— Во-первых, не на золотник, а побольше, и не только зерно, — Илья чуть придержал прибавившего рыси Голубя — жеребцу не понравилось, что его догнали. — Во-вторых, зачем торговать? Я его нашим фуражирам отдам. А в-третьих, Нагнидуб, мы нынче не по вражьим землям промышляем. Мы — передовой дозор великокняжьего войска!

— Не понял, — нахмурился Бочар. — Это же война. Значит, всё, что возьмем, — наше по праву! И поровну! — И, спохватившись: — Тебе, понятно, три доли как старшему.

Илья засмеялся:

— Это не вик нурманский, Бочар! И не война. Это, друже, возвращение того, что прежде было нашим, а потом отложилось. Так что со смердами здешними мы точно не воюем. Это как с брюквой воевать или с морковкой. А вот ежели кто этих смердов грабит, то с ним уже у нас война. И не как с честным ворогом, а как с обычными разбойниками.

— Умный ты, — Бочар хмыкнул. — Так всё растолкуешь, что аж зуб ныть начинает.

— Не тот ли, который тебе намедни Малига щитом вышиб? — ехидно поинтересовался Илья.

— Я ему тоже… приложил, — буркнул Нагнидуб, которому зуба до сих пор было жалко. А еще обидно от того, что Малига, уступавший Бочару ростом и силой, намного превосходил того ловкостью и умением. И побить его в шутейном поединке у здоровенного Нагнидуба не выходило никак. А если он увлекался и забывал, что поединок шутейный, Малига его тут же наказывал. Вот, без зуба оставил.

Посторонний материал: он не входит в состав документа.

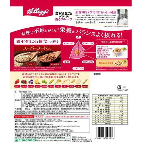 シリアル加工品(全粒大麦、砂糖、全粒小麦、シリアルパフ(コーンフラワー、小麦粉、米粉、砂糖、食塩)、小麦シリアルパフ(小麦粉、米粉、砂糖、麦芽粉)、マルチグレインパフ(小麦粉、米粉、砂糖、コーンフラワー、麦芽粉(小麦を含む)、食塩、植物油脂)、全粒スペルト小麦、水あめ、植物油脂、麦芽エキス、小麦粉、オーツパフ、キヌアパフ、糖蜜、食塩)(ベルギー製造)、シリアルフレーク(コーングリッツ、砂糖、麦芽エキス、食塩、蜂蜜、ぶどう糖果糖液糖)、レーズン加工品(レーズン、植物油脂)、クランベリー加工品(クランベリー、砂糖、植物油脂)、パイナップル加工品(乳糖(乳成分を含む)、濃縮果汁(パイナップル、レモン)、砂糖、植物油脂、麦芽糖、パイナップル、寒天)、かぼちゃの種、イチゴ加工品(イチゴ、植物油脂)/グリセリン、香料、セルロース、加工でん粉、酸味料、乳化剤(大豆を含む)、酸化防止剤(ビタミンE)、重曹、炭酸Ca、鉄、ピロリン酸鉄、ビタミンB2、ビタミンB6、ビタミンB1、葉酸、着色料(クチナシ色素)、ビタミンD
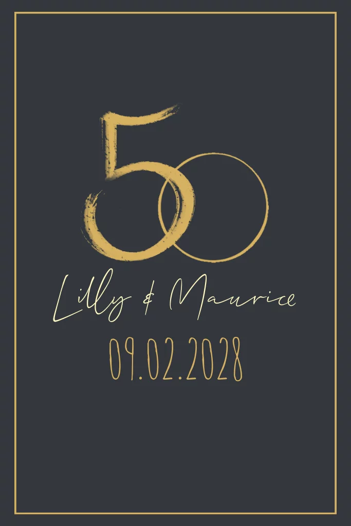 Dunkle Einladungskarte im Hochformat zum 50. Ehejubiläum. Die Vorderseite der Klappkarte wird von einem zartem Goldrahmen und der Zahl 50 geziert. Die 5 besteht aus einem Pinselstrich und die 0 stellt einen Ehering da.
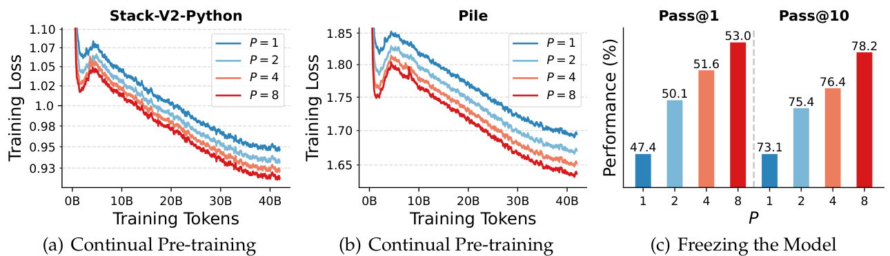 Figure 6: (a)(b) Loss for continual pre-training the Qwen-2.5-3B model on the two datasets. (c) Code generation performance after fine-tuning on Stack-V2 (Python), averaged from HumanEval $(+)$ and $\mathrm{{\check{M}B P P}}(+)$ . We only fine-tune the introduced parameters (prefix tokens and aggregation weights), with different $P$ sharing exactly the same Qwen2.5-3B pre-trained weights.
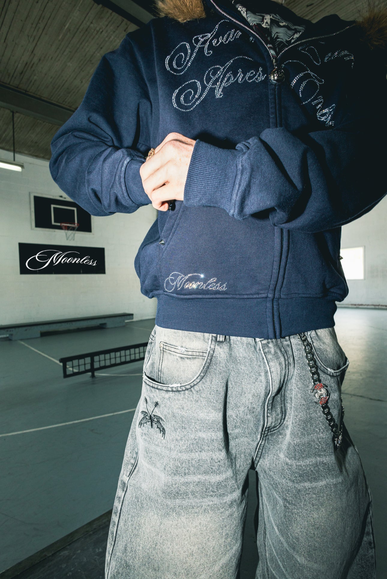NAVY- BEFORE LIGHT/AFTER SHADOW - Zip-Up/Detachable White Fur

— Мы — дозор, — наставительно произнес Илья. — Наше дело — выявить всё, что может помешать движению войска. И устранить, если сумеем. А если не сумеем, сообщить о том воеводе.

— И чем же может помешать движению войска шайка грабителей?

— У тебя, Нагнидуб, голова, чтоб думать или только вшей разводить? Знаешь, сколько одного только фуража коням надо?

— Нет у меня вшей! — обиделся Бочар. — Что я, копченый? Иль жрец нурманский? А про фураж войсковой мне знать ни к чему. Чай, свои кони голодными не останутся, а о других пусть другие думают.

— Думать, Бочар, это… — начал Илья, но оборвал фразу: — Голубь, стой.

Жеребец послушно остановился. Илья напряг слух…

Подъехал Малига. Тоже послушал. Теперь, когда копыта коней больше не хлюпали по грязи, звуки стали совсем отчетливыми. И понятными.

Илья глянул сверху на Малигу. В отличие от простодушного Нагнидуба, тот был умен. И опытен. Не простой гридень — сотник. Илья хотел оставить его наместником в Морове, но Малига отказался. Попросился на войну с хорватами.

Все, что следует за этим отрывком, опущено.